▸ **Exercise aim**:
Only the lines below from the one containing "These delicate stud" through the one containing "En Es Camí de" belong in the answer, set down exactly, with the pictures left out.

▸ **Exercise inputs**:

^^^^^^^^^^^^^^^^

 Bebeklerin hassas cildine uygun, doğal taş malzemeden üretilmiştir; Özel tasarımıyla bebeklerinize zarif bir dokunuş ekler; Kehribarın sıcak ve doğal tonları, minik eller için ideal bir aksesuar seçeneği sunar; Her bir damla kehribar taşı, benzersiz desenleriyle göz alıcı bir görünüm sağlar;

^^^^^^^^^^^^^^^^

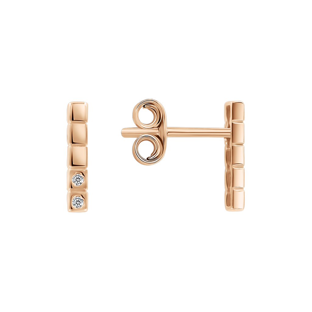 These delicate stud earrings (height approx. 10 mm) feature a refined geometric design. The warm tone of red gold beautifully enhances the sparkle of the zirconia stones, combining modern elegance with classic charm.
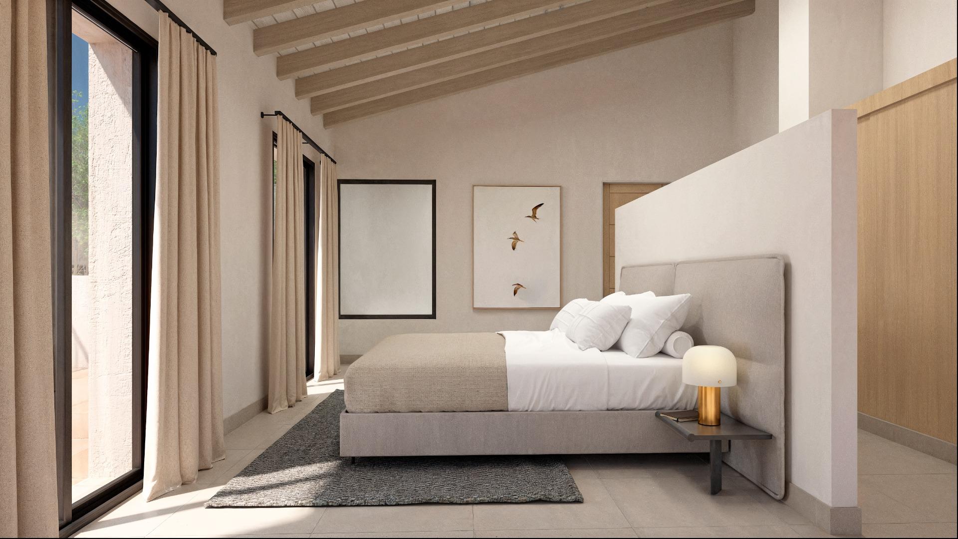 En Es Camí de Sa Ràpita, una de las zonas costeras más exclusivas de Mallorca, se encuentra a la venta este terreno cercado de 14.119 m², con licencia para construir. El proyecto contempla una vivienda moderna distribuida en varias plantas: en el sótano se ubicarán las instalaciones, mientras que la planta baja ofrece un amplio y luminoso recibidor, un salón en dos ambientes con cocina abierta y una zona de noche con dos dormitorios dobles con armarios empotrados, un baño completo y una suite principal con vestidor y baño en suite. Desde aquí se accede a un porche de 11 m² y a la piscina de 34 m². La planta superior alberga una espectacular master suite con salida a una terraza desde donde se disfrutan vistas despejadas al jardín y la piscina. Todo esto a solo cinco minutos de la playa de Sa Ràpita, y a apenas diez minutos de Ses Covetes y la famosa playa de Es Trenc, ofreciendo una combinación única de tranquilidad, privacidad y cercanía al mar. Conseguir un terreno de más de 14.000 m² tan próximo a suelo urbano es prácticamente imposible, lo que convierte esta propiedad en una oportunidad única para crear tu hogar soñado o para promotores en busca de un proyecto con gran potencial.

^^^^^^^^^^^^^^^^

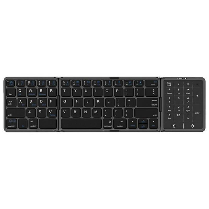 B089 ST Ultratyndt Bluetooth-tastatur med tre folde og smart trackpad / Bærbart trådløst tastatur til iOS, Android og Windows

^^^^^^^^^^^^^^^^

▸ **Exercise answer**:
 These delicate stud earrings (height approx. 10 mm) feature a refined geometric design. The warm tone of red gold beautifully enhances the sparkle of the zirconia stones, combining modern elegance with classic charm.
 En Es Camí de Sa Ràpita, una de las zonas costeras más exclusivas de Mallorca, se encuentra a la venta este terreno cercado de 14.119 m², con licencia para construir. El proyecto contempla una vivienda moderna distribuida en varias plantas: en el sótano se ubicarán las instalaciones, mientras que la planta baja ofrece un amplio y luminoso recibidor, un salón en dos ambientes con cocina abierta y una zona de noche con dos dormitorios dobles con armarios empotrados, un baño completo y una suite principal con vestidor y baño en suite. Desde aquí se accede a un porche de 11 m² y a la piscina de 34 m². La planta superior alberga una espectacular master suite con salida a una terraza desde donde se disfrutan vistas despejadas al jardín y la piscina. Todo esto a solo cinco minutos de la playa de Sa Ràpita, y a apenas diez minutos de Ses Covetes y la famosa playa de Es Trenc, ofreciendo una combinación única de tranquilidad, privacidad y cercanía al mar. Conseguir un terreno de más de 14.000 m² tan próximo a suelo urbano es prácticamente imposible, lo que convierte esta propiedad en una oportunidad única para crear tu hogar soñado o para promotores en busca de un proyecto con gran potencial.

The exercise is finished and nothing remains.